[[ Provided entries, beginning ]]
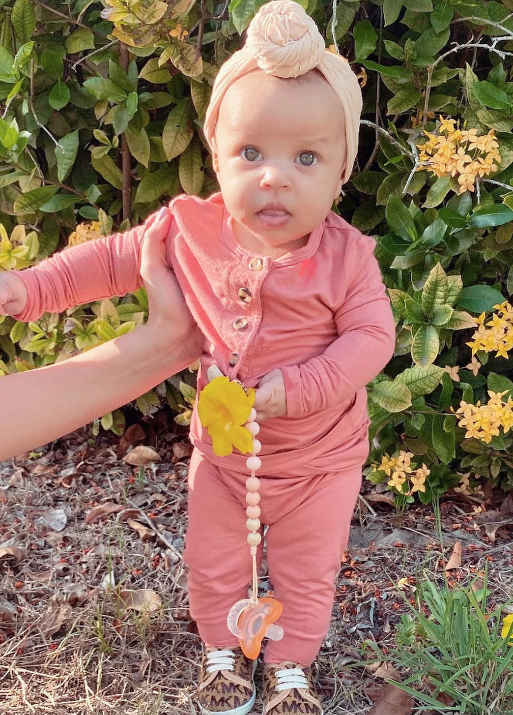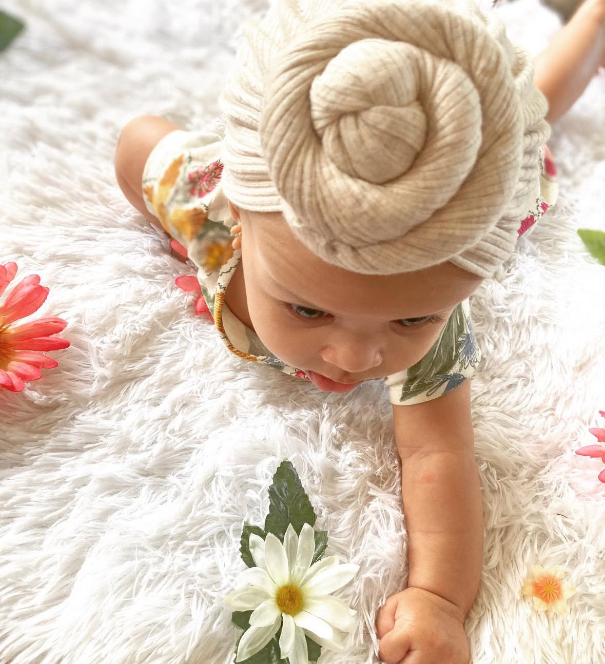 The “throw it on and feel cute” headwrap for moms who want to hide hairwash day #5 and for babies who just want to be snuggly. Soft, breathable, and actually flattering (yes, really). For every two Cozy Loops purchased, we donate one to a strong woman at Moffitt Cancer Center, because comfort and cuteness belong to everyone.
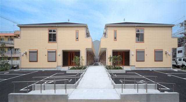 当施設の建物は、明るいベージュの外壁を持つ2階建てで、厳しい国の登録設備基準にもとづき設計・施行された安心の住まい。
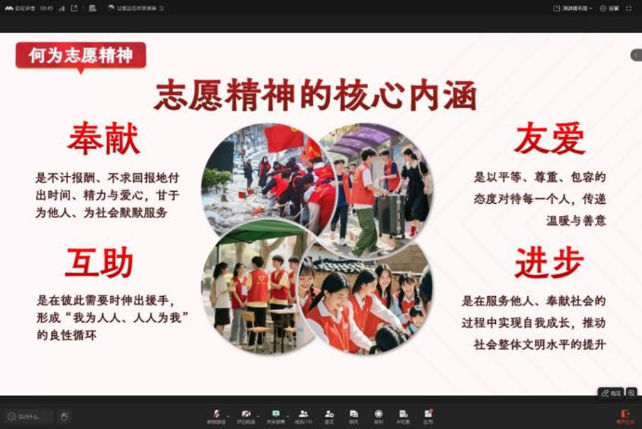 史愉涵同学分享了感动中国2024年度人物吕明玉捐献造血干细胞、带头乡村转型的感人事迹,以及韩红多年坚守慈善事业、累计捐赠上亿元并带动社会捐赠数十亿元的公益故事,提出志愿精神源于点滴善举的坚持与不变的初心。
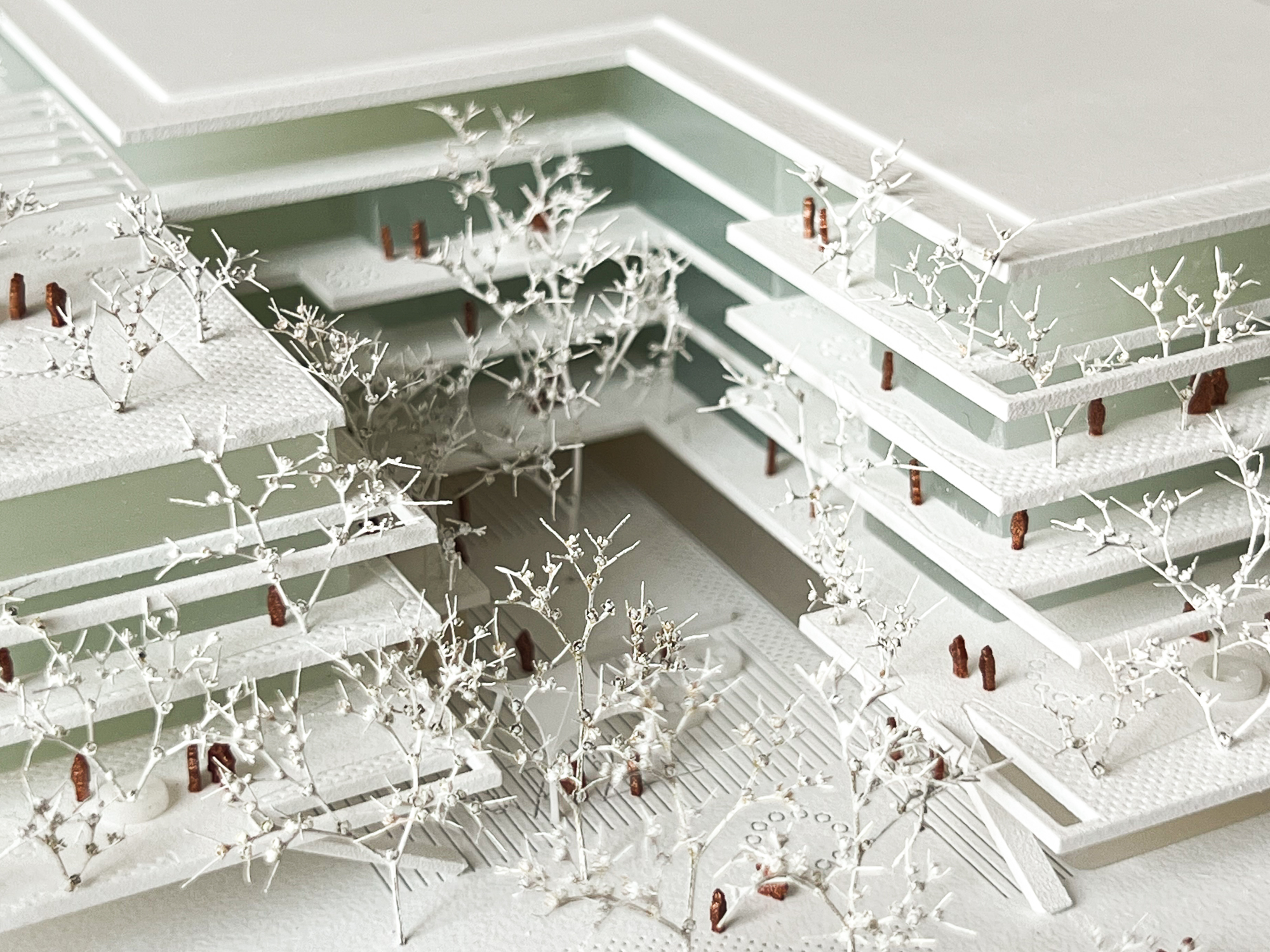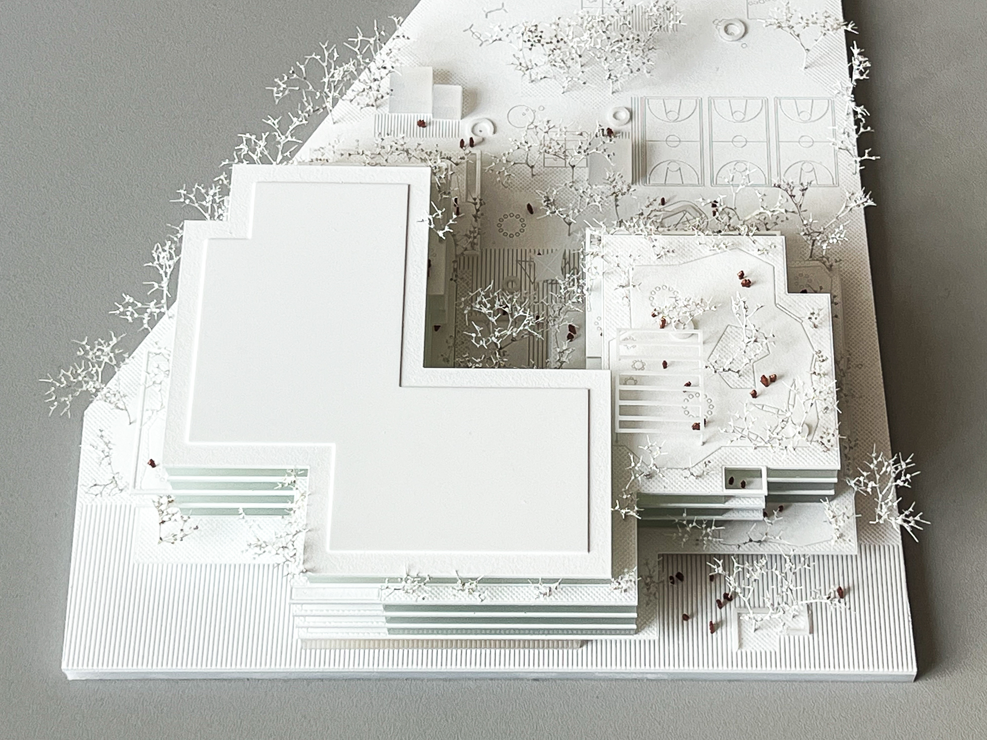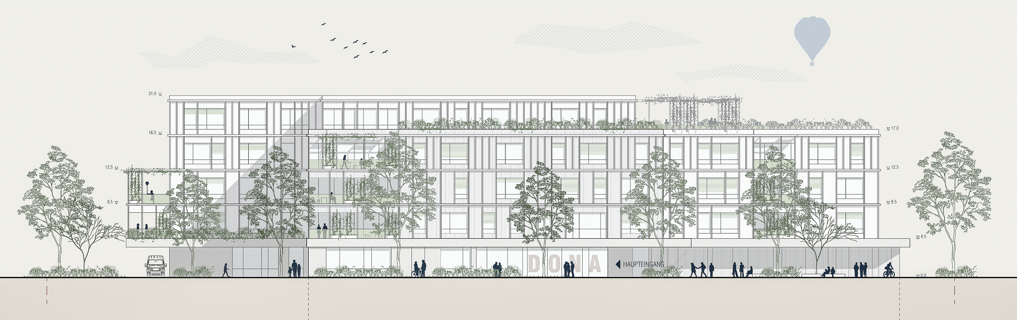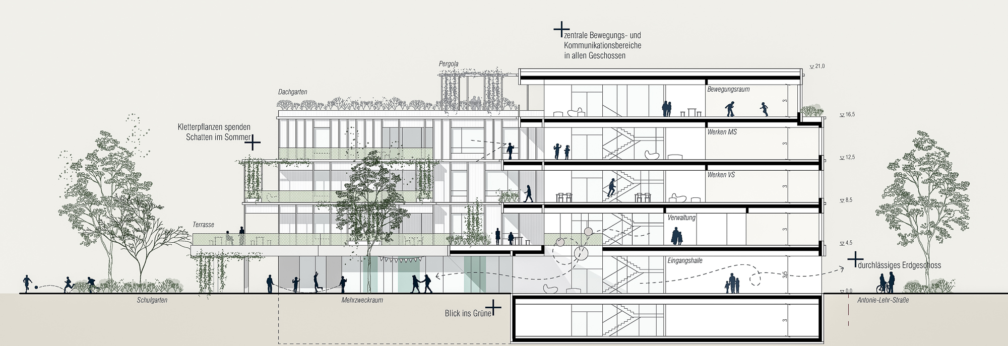 Vor- und Rücksprünge ziehen sich über das gesamte Schulgebäude, dadurch verzahnt sich der Freiraum mit dem Volumen: Schulgarten, Balkone, Terrassen, Loggien und Pergolen bilden Freiräume auf allen Ebenen für alle möglichen Nutzungen – wie chillen, lernen, lesen, spielen, diskutieren, gemeinsam oder allein arbeiten, sporteln, sich zurückziehen. Das Miteinander von allen Kindern muss in unterschiedlichen Settings möglich sein und ist ausschlaggebend für Akzeptanz, Respekt und Toleranz – die Schule als Ort an dem soziale Fähigkeiten durch ein vielfältiges Raumangebot gefördert werden. Eine ausgewogene Morphologie und eine angemessene Kleinteiligkeit entsteht ebenfalls durch die Strukturierung des Baukörpers, der trotzdem sehr kompakt ist.
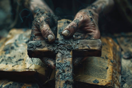 Crucifix made of ash and dust as a symbol of Christianity, Jesus, god, faith, holy day, holiday, concept background.
[[ Provided entries, end ]]
▸ Problem:
Return exactly what appears from the opening line of the material through the line with "当施設の建物は、明るいベージ", apart from the pictures.

▸ Written response:
 The “throw it on and feel cute” headwrap for moms who want to hide hairwash day #5 and for babies who just want to be snuggly. Soft, breathable, and actually flattering (yes, really). For every two Cozy Loops purchased, we donate one to a strong woman at Moffitt Cancer Center, because comfort and cuteness belong to everyone.
 当施設の建物は、明るいベージュの外壁を持つ2階建てで、厳しい国の登録設備基準にもとづき設計・施行された安心の住まい。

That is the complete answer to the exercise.